Exercise details:
With the pictures left out, set down the line containing "Con Ferentino è" and each line after it to the end of the material, exactly as written.

Recorded data:
*** Block opens ***

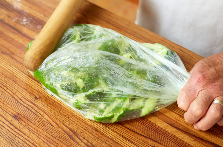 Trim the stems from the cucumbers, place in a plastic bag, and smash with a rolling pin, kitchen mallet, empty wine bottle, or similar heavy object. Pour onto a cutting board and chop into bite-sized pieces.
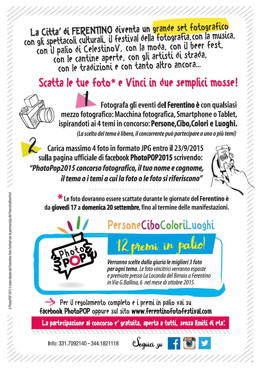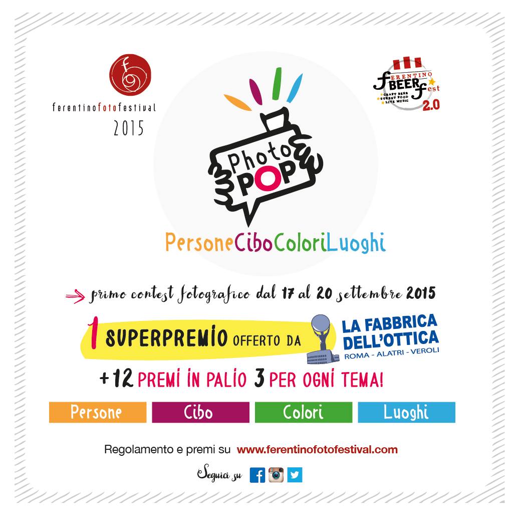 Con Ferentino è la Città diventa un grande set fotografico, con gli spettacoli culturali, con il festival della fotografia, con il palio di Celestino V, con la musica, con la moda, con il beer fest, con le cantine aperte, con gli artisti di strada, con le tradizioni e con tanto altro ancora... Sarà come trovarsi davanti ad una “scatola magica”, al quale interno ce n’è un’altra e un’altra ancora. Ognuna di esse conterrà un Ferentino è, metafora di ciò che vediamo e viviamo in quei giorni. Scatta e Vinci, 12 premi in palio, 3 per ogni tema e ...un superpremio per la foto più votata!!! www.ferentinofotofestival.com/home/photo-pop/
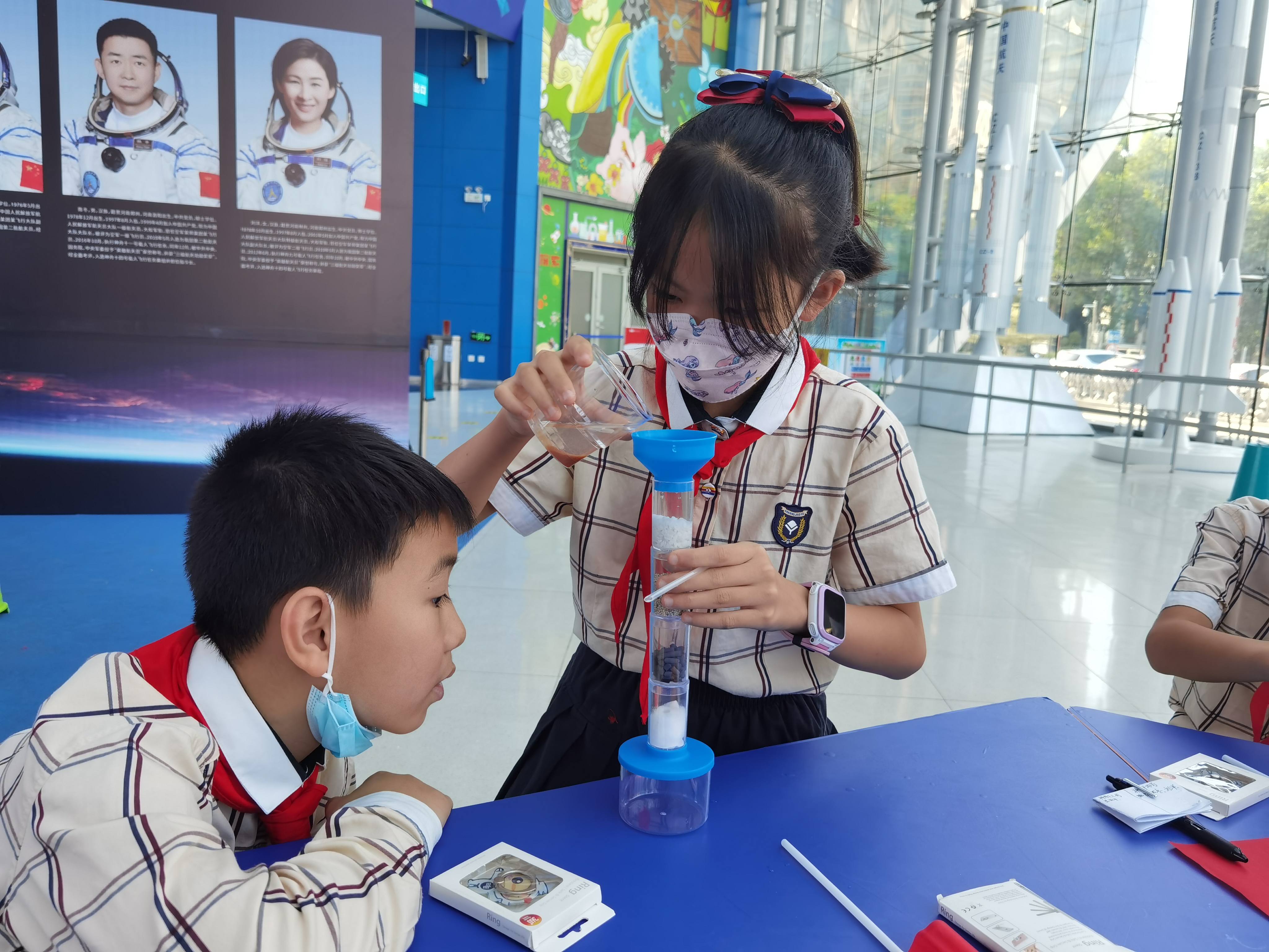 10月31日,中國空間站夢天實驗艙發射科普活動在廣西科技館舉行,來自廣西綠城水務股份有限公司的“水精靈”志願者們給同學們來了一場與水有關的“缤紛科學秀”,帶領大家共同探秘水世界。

*** Block closes ***

Task result:
 Con Ferentino è la Città diventa un grande set fotografico, con gli spettacoli culturali, con il festival della fotografia, con il palio di Celestino V, con la musica, con la moda, con il beer fest, con le cantine aperte, con gli artisti di strada, con le tradizioni e con tanto altro ancora... Sarà come trovarsi davanti ad una “scatola magica”, al quale interno ce n’è un’altra e un’altra ancora. Ognuna di esse conterrà un Ferentino è, metafora di ciò che vediamo e viviamo in quei giorni. Scatta e Vinci, 12 premi in palio, 3 per ogni tema e ...un superpremio per la foto più votata!!! www.ferentinofotofestival.com/home/photo-pop/
 10月31日,中國空間站夢天實驗艙發射科普活動在廣西科技館舉行,來自廣西綠城水務股份有限公司的“水精靈”志願者們給同學們來了一場與水有關的“缤紛科學秀”,帶領大家共同探秘水世界。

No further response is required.